Cuanto más nos remontamos hacia el desenvolvimiento paralelo de la tierra y del hombre, tanto más los encontramos en estado fuidico y embrionario, y tanto más se aproximan al puro estado espiritual. Actualmente hemos llegado al punto más bajo de la curva descendente, la tierra y el hombre han adquirido su mayor grado de solidez y tendrán que comenzar el ascenso mediante la acción de la voluntad individual hacia el estado puramente espiritual.

¿Qué sentido tiene toda esta evolución? ¿Dónde se encontraban los seres que al principio no eran más que gérmenes? ¿De dónde salió el género humano? ¿Quién lo creó? Para poder contestar a todo esto tenemos que dar un paso más que nos revela un grado de vida y de poder de manifestación  superior a la vida humana y planetaria. ¿En qué difiere la vida humana y planetaria de la del Logos? Esta pregunta parece exigirnos algo como un salto hacia lo desconocido, en un universo de otro orden. Sin embargo, existen en nuestro mundo fenómenos análogos que nos permiten comprender, o, por lo menos presentir, el poder creador del Logos.

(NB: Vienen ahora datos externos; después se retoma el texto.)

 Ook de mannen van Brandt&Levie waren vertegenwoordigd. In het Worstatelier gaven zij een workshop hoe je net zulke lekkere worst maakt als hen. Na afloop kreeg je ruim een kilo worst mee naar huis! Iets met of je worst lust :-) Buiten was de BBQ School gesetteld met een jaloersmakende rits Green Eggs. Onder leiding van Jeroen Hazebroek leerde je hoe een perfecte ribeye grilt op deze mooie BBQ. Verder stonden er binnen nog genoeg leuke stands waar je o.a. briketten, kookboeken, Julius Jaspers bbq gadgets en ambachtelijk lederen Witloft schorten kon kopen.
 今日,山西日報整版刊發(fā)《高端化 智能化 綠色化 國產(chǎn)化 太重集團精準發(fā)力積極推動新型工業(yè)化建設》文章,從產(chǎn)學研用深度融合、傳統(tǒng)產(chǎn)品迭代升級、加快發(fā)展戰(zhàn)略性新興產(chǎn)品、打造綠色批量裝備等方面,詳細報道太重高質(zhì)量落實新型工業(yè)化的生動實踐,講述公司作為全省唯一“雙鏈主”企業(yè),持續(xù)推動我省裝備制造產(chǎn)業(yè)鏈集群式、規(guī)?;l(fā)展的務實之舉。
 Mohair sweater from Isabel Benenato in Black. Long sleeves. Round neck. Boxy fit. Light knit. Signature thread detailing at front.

Supongamos que una inteligencia humana llegara a abarcar todo cuanto le fuera accesible, que tuviera el conocimiento ordenado de toda la experiencia terrestre y de toda la experiencia planetaria. Esa inteligencia podría entonces revivir todas las formas de la evolución, pero no podría, con esa sola fuerza, ir más allá de la aparición del hombre y del sistema planetario del Universo. Permanecería dentro del dominio de la que ha podido experimentar el hombre: nuestra inteligencia no podría sobrepasar ese límite.

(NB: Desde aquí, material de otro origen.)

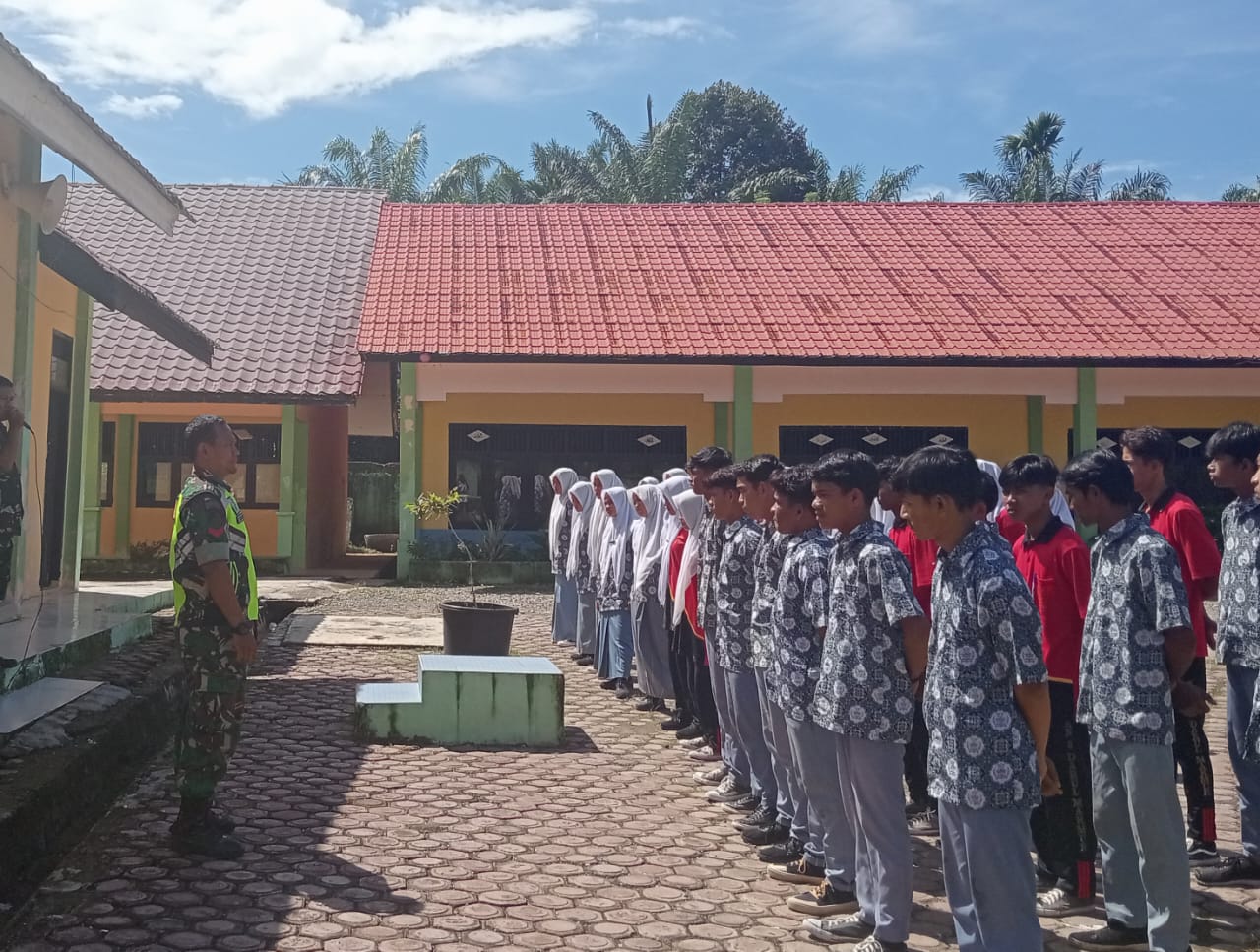 Nagan Raya Agaranews.com – Bersinergi dengan dunia pendidikan merupakan salah satu tugas TNI dengan melaksanakan kegiatan pemberian materi wawasan kebangsaan untuk menumbuhkan jiwa nasionalisme dan patriotisme dalam diri generasi muda penerus bangsa, hal itulah yang dilakukan Babinsa Posramil Tripa Makmur di SMA Negeri 3 Darul Makmur di Desa Lueng Kebeu Jagat Kecamatan Tripa Makmur. Jum’at (24/04/2026).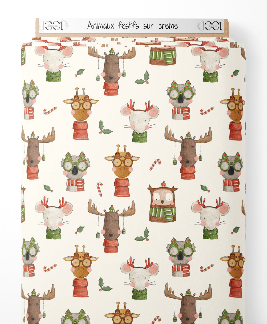 Les animaux portent des accessoires festifs comme des bonnets et des écharpes. Les motifs incluent des rennes, des souris, des koalas et des girafes. Les couleurs dominantes sont le rouge, le vert et le marron.Les tissus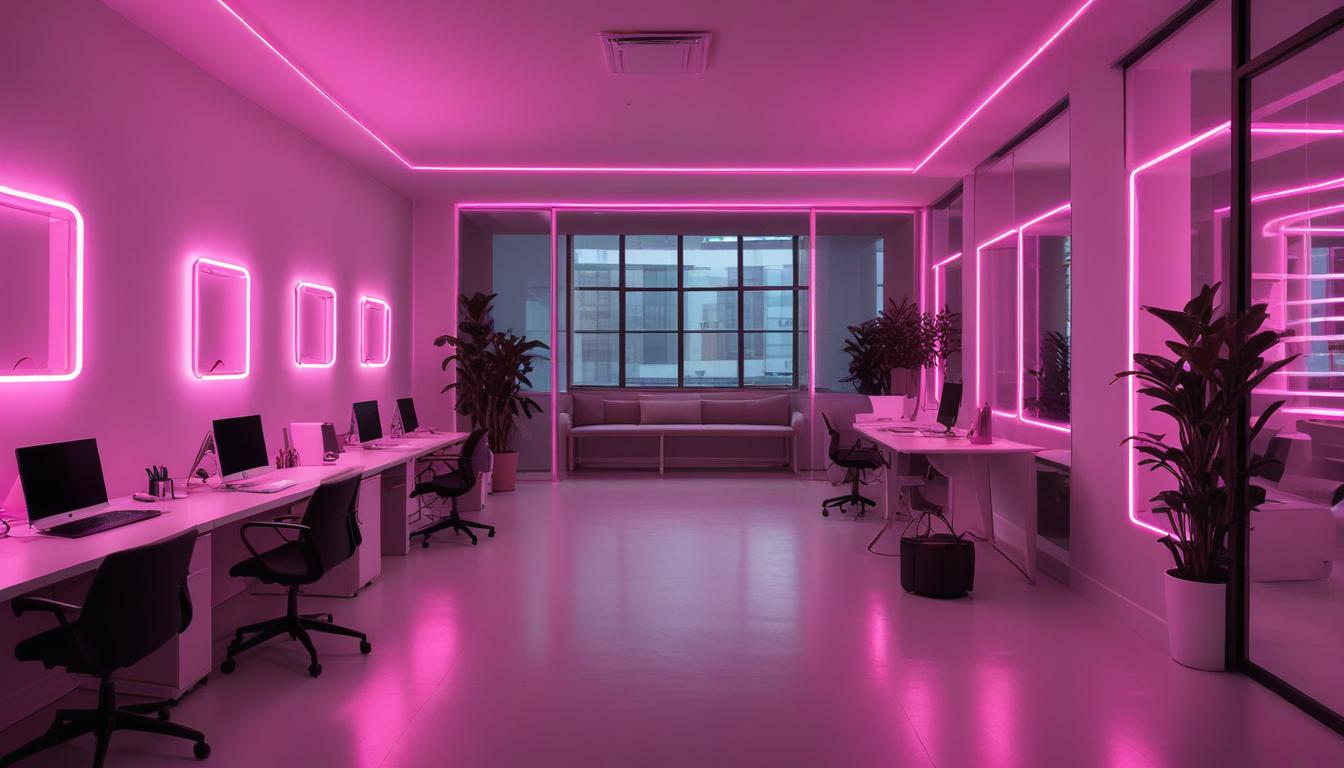 Bright modern office features pink neon lights, sleek desks, and plants. The clean space offers a relaxed atmosphere for creativity and collaboration.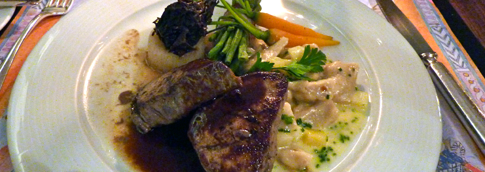 We were pleased to have a dinner reservation since the hotel’s restaurant fills quickly with guests and locals. Waitresses in dirndls serve scrumptious and artfully presented international and classic Swiss cuisine. We opted for Bündnerfleisch, which included an air-dried beef, prosciutto from the Grisons, Engadine air-dried sausage, and alpine cheese. We also tried the Chur Councilman’s Plate–veal and beef filets with Gran Alpin bizzochels, braised apple, and dried pear.

Sin embargo, podemos elevarnos a otro estado de conciencia más allá desde la reproducción de las experiencias de la inteligencia. Existen ciertas formas o estados de actividad productora, en las que el espíritu del hombre se convierte en creador y puede dar a luz cosas jamás vistas, completamente nuevas. Tal es el estado del alma del escultor, por ejemplo, en el momento en que concibe o ve, como en un relámpago, ante su espíritu, la forma de una estatua cuyo modelo jamás ha visto. Tal el estado del alma del poeta que concibe una obra maestra de un golpe, en una visión creadora de su espíritu.

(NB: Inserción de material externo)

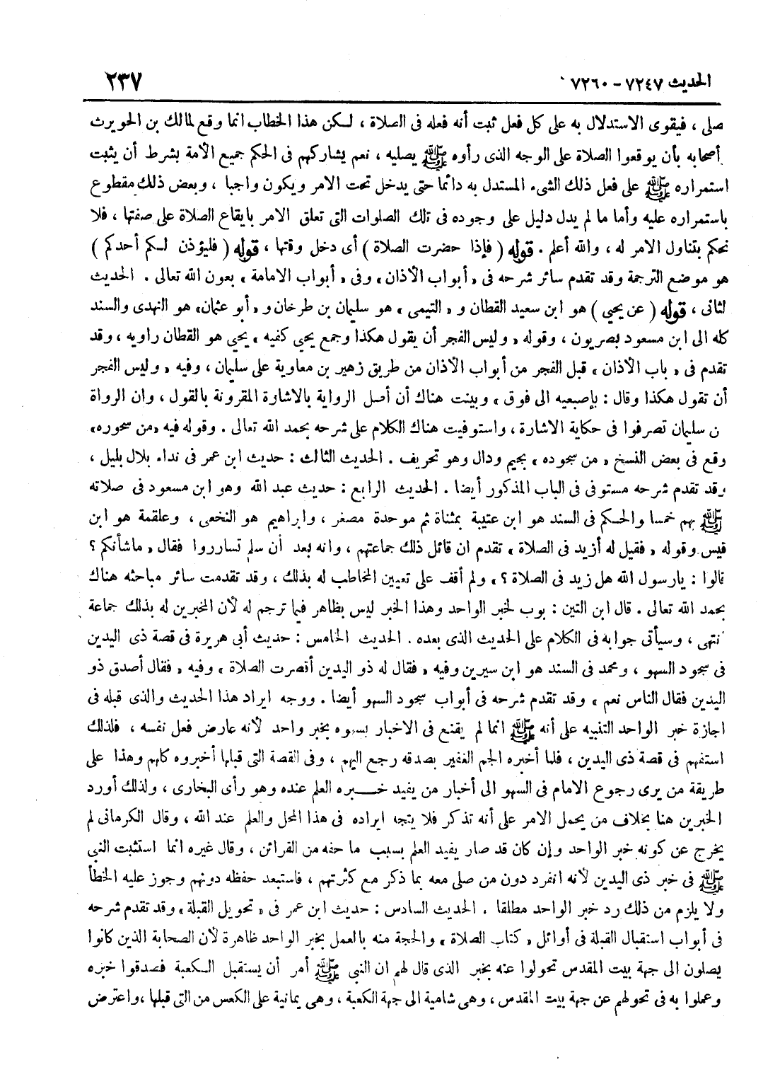 [7247] قَوْلُهُ عَن يحيى هُوَ بن سعيد الْقطَّان والتيمي هُوَ سُلَيْمَان بن طرخان وَأَبُو عُثْمَان هُوَ النَّهْدِيّ والسند كُله إِلَى بن مَسْعُودٍ بَصْرِيُّونَ وَقَوْلُهُ وَلَيْسَ الْفَجْرُ أَنْ يَقُولَ هَكَذَا وَجَمَعَ يَحْيَى كَفَّيْهِ يَحْيَى هُوَ الْقَطَّانُ رَاوِيهِ وَقَدْ تَقَدَّمَ فِي بَابِ الْأَذَانِ قَبْلَ الْفَجْرِ مِنْ أَبْوَابِ الْأَذَانِ مِنْ طَرِيقِ زُهَيْرِ بْنِ مُعَاوِيَةَ عَلَى سُلَيْمَانَ وَفِيهِ وَلَيْسَ الْفَجْرُ أَنْ تَقُولَ هَكَذَا وَقَالَ بِإِصْبَعَيْهِ إِلَى فَوْقٍ وَبَيَّنْتُ هُنَاكَ أَنَّ أَصْلَ الرِّوَايَةِ بِالْإِشَارَةِ الْمَقْرُونَةِ بِالْقَوْلِ وَأَنَّ الرُّوَاةَ عَنْ سُلَيْمَانَ تَصَرَّفُوا فِي حِكَايَةِ الْإِشَارَةِ وَاسْتَوْفَيْتُ هُنَاكَ الْكَلَامَ عَلَى شَرْحِهِ بِحَمْدِ اللَّهِ تَعَالَى وَقَوْلُهُ فِيهِ مِنْ سُحُورِهِ وَقَعَ فِي بَعْضِ النُّسَخِ مِنْ سُجُودِهِ بِجِيمٍ ودال وَهُوَ تَحْرِيف الحَدِيث الثَّالِث حَدِيث بن عُمَرَ فِي نِدَاءِ بِلَالٍ بِلَيْلٍ وَقَدْ تَقَدَّمَ شَرْحُهُ مُسْتَوْفًى فِي الْبَابِ الْمَذْكُورِ أَيْضًا الْحَدِيثُ الرَّابِع حَدِيث عبد الله وَهُوَ بن مَسْعُودٍ فِي صَلَاتِهِ صَلَّى اللَّهُ عَلَيْهِ وَسَلَّمَ بهم خمْسا وَالْحكم فِي السَّنَد هُوَ بن عُتَيْبَةَ بِمُثَنَّاةٍ ثُمَّ مُوَحَّدَةٍ مُصَغَّرٌ وَإِبْرَاهِيمُ هُوَ النَّخعِيّ وعلقمة هُوَ بن قَيْسٍ وَقَوْلُهُ فَقِيلَ لَهُ أَزِيدَ فِي الصَّلَاةِ تَقَدَّمَ أَنَّ قَائِلَ ذَلِكَ جَمَاعَتُهُمْ وَأَنَّهُ بَعْدَ أَنْ سَلَّمَ تَسَارَرُوا فَقَالَ مَا شَأْنُكُمْ قَالُوا يَا رَسُولَ اللَّهِ هَلْ زِيدَ فِي الصَّلَاةِ وَلَمْ أَقِفْ عَلَى تَعْيِينِ الْمُخَاطِبِ لَهُ بِذَلِكَ وَقَدْ تَقَدَّمَتْ سَائِرُ مَبَاحِثِهِ هُنَاكَ بِحَمْدِ اللَّهِ تَعَالَى قَالَ بن التِّينِ بَوَّبَ لِخَبَرِ الْوَاحِدِ وَهَذَا الْخَبَرُ لَيْسَ بِظَاهِرٍ فِيمَا تَرْجَمَ لَهُ لِأَنَّ الْمُخْبِرِينَ لَهُ بِذَلِكَ جَمَاعَةٌ انْتَهَى وَسَيَأْتِي جَوَابُهُ فِي الْكَلَامِ عَلَى الْحَدِيثِ الَّذِي بَعْدَهُ الْحَدِيثُ الْخَامِسُ حَدِيثِ أَبِي هُرَيْرَةَ فِي قِصَّةِ ذِي الْيَدَيْنِ فِي سُجُود السَّهْو وَمُحَمّد فِي السَّنَد هُوَ بن سِيرِينَ وَفِيهِ فَقَالَ لَهُ ذُو الْيَدَيْنِ أَقَصُرَتِ الصَّلَاةُ وَفِيهِ فَقَالَ أَصَدَقَ ذُو الْيَدَيْنِ فَقَالَ النَّاسُ نَعَمْ وَقَدْ تَقَدَّمَ شَرْحُهُ فِي أَبْوَابِ سُجُودِ السَّهْوِ أَيْضًا وَوَجْهُ إِيرَادِ هَذَا الْحَدِيثِ وَالَّذِي قَبْلَهُ فِي إِجَازَةِ خَبَرِ الْوَاحِدِ التَّنْبِيهُ عَلَى أَنَّهُ صَلَّى اللَّهُ عَلَيْهِ وَسَلَّمَ إِنَّمَا لَمْ يَقْنَعْ فِي الْإِخْبَارِ بِسَهْوِهِ بِخَبَرِ وَاحِدٍ لِأَنَّهُ عَارَضَ فِعْلَ نَفْسِهِ فَلِذَلِكَ اسْتَفْهَمَ فِي قِصَّةِ ذِي الْيَدَيْنِ فَلَمَّا أَخْبَرَهُ الْجَمُّ الْغَفِيرُ بِصِدْقِهِ رَجَعَ إِلَيْهِمْ وَفِي الْقِصَّةِ الَّتِي قَبْلَهَا أَخْبَرُوهُ كُلُّهُمْ وَهَذَا عَلَى طَرِيقَةِ مَنْ يَرَى رُجُوعَ الْإِمَامِ فِي السَّهْوِ إِلَى أَخْبَارِ مَنْ يُفِيدُ خَبَرُهُ الْعِلْمَ عِنْدَهُ وَهُوَ رَأْيُ الْبُخَارِيِّ وَلِذَلِكَ أَوْرَدَ الْخَبَرَيْنِ هُنَا بِخِلَافِ مَنْ يَحْمِلُ الْأَمْرَ عَلَى أَنَّهُ تَذَكَّرَ فَلَا يَتَّجِهُ إِيرَادُهُ فِي هَذَا الْمَحَلِّ وَالْعِلْمُ عِنْدَ اللَّهِ وَقَالَ الْكِرْمَانِيُّ لَمْ يَخْرُجْ عَنْ كَوْنِهِ خَبَرَ الْوَاحِدِ وَإِنْ كَانَ قَدْ صَارَ يُفِيدُ الْعِلْمَ بِسَبَبِ مَا حَفَّهُ مِنَ الْقَرَائِنِ وَقَالَ غَيْرُهُ إِنَّمَا اسْتَثْبَتَ النَّبِيُّ صَلَّى اللَّهُ عَلَيْهِ وَسَلَّمَ فِي خَبَرِ ذِي الْيَدَيْنِ لِأَنَّهُ انْفَرَدَ دُونَ مَنْ صَلَّى مَعَهُ بِمَا ذُكِرَ مَعَ كَث

Esta fuerza productiva no inspira ideas de orden intelectual, sino sentimientos de orden espiritual. Observemos la gallina que incuba sus huevos. Está completamente absorbida en la incubación y experimenta con ello un sentimiento de voluptuosidad, en el que entrevé, como en un sueño, la eclosión del pollito alado. Esta voluptuosidad de la creación se encuentra en todas las etapas del cosmos y desprende un calor análogo. Si uno se representa la inteligencia universal como el mundo de los pensamientos accesibles al Yo Superior (Manas), se percibe en seguida que esta fuerza del calor que compenetra el Universo, emana de la fuente creadora de toda vida (el Espíritu de Vida, Budji) y así puede presentirse ese mundo de productividad que existía antes que el nuestro, que incubaba, por así decirlo, el nuestro. De esta manera se eleva uno de Manasa Budji y de Budji a Atma. El Verbo que engendró el Yo del hombre, el Microcosmos, es el tercer Logos.

Si entonces se representa uno la fuerza del Yo Superior del hombre -de Manas extendida a todo el Universo, como un calor que engendra la vida, llegaremos al Segundo Logos, que engendra la vida microcósmica, de la cual el alma humana posee un reflejo en sus actividades creadoras (Espíritu Viviente-Budji). Su fuente común es el Primer Logos, el Dios Insondable, el centro de toda manifestación.

Desde los más antiguos tiempos el Ocultismo ha representado estos Tres Logos con los signos siguientes: Primer Logos Segundo Logos Tercer Logos – Dios Macrocosmos Microcosmos resumiéndoles en la cifra 7-7-7, número esotérico de los tres Logos. Su número exotérico es la multiplicación sucesiva de estos tres septenarios evolutivos, o sea 343.